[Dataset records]
▼

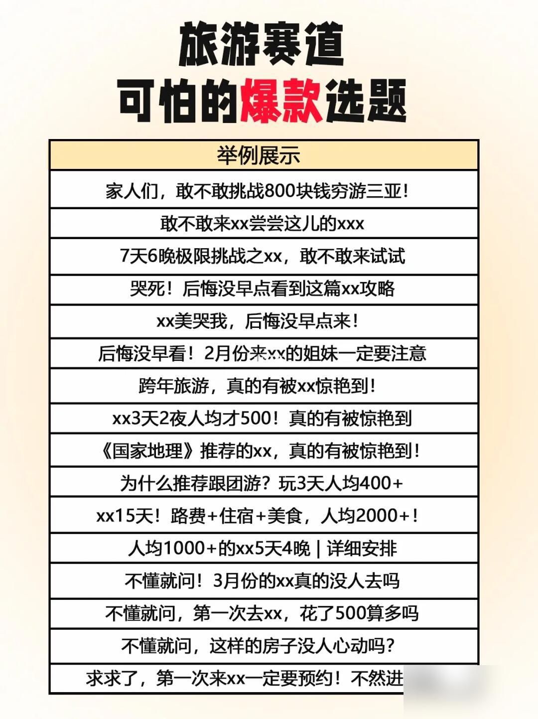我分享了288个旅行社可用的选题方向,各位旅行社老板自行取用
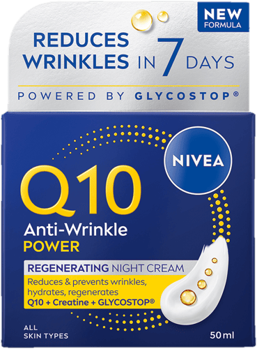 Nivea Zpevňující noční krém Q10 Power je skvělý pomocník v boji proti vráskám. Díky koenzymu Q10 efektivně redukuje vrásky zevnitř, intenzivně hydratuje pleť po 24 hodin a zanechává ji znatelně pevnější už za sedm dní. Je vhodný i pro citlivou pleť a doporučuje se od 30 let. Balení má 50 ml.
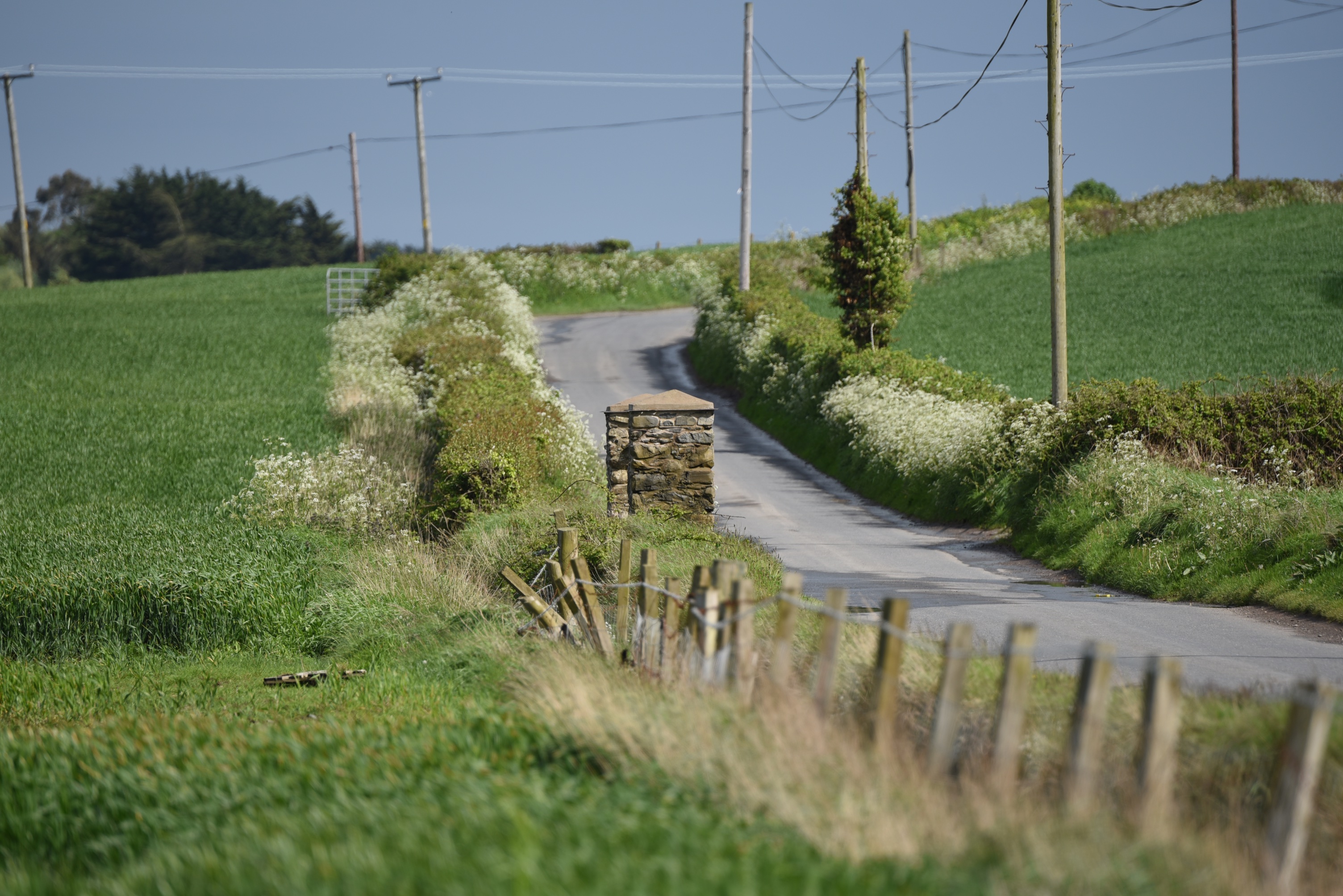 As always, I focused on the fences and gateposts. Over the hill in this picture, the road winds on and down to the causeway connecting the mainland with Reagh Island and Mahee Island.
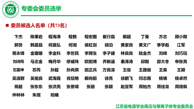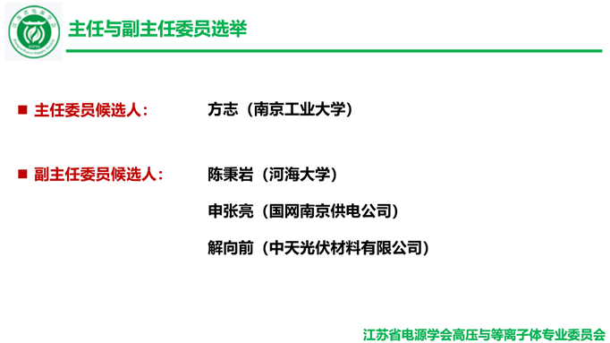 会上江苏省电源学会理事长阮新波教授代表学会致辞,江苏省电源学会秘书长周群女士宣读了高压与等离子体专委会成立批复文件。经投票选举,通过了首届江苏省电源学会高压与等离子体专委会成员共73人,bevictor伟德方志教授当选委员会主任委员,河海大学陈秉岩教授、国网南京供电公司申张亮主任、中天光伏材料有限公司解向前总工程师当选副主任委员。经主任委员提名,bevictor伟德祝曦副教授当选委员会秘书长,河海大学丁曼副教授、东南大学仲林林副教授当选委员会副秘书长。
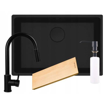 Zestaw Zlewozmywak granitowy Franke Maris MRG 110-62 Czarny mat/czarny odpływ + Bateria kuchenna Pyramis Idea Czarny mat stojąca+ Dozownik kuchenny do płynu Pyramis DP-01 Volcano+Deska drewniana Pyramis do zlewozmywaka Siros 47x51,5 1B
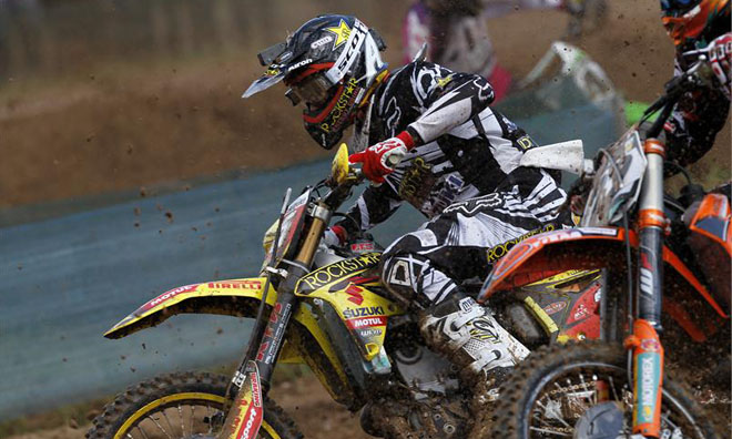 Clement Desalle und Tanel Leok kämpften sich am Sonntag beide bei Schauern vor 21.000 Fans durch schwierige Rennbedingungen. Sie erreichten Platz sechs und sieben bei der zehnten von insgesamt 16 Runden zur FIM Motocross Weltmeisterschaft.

▲

**How to complete this task**
The answer should hold every entry exactly as given and no pictures at all.

**Task result**
我分享了288个旅行社可用的选题方向,各位旅行社老板自行取用
 Nivea Zpevňující noční krém Q10 Power je skvělý pomocník v boji proti vráskám. Díky koenzymu Q10 efektivně redukuje vrásky zevnitř, intenzivně hydratuje pleť po 24 hodin a zanechává ji znatelně pevnější už za sedm dní. Je vhodný i pro citlivou pleť a doporučuje se od 30 let. Balení má 50 ml.
 As always, I focused on the fences and gateposts. Over the hill in this picture, the road winds on and down to the causeway connecting the mainland with Reagh Island and Mahee Island.
 会上江苏省电源学会理事长阮新波教授代表学会致辞,江苏省电源学会秘书长周群女士宣读了高压与等离子体专委会成立批复文件。经投票选举,通过了首届江苏省电源学会高压与等离子体专委会成员共73人,bevictor伟德方志教授当选委员会主任委员,河海大学陈秉岩教授、国网南京供电公司申张亮主任、中天光伏材料有限公司解向前总工程师当选副主任委员。经主任委员提名,bevictor伟德祝曦副教授当选委员会秘书长,河海大学丁曼副教授、东南大学仲林林副教授当选委员会副秘书长。
 Zestaw Zlewozmywak granitowy Franke Maris MRG 110-62 Czarny mat/czarny odpływ + Bateria kuchenna Pyramis Idea Czarny mat stojąca+ Dozownik kuchenny do płynu Pyramis DP-01 Volcano+Deska drewniana Pyramis do zlewozmywaka Siros 47x51,5 1B
 Clement Desalle und Tanel Leok kämpften sich am Sonntag beide bei Schauern vor 21.000 Fans durch schwierige Rennbedingungen. Sie erreichten Platz sechs und sieben bei der zehnten von insgesamt 16 Runden zur FIM Motocross Weltmeisterschaft.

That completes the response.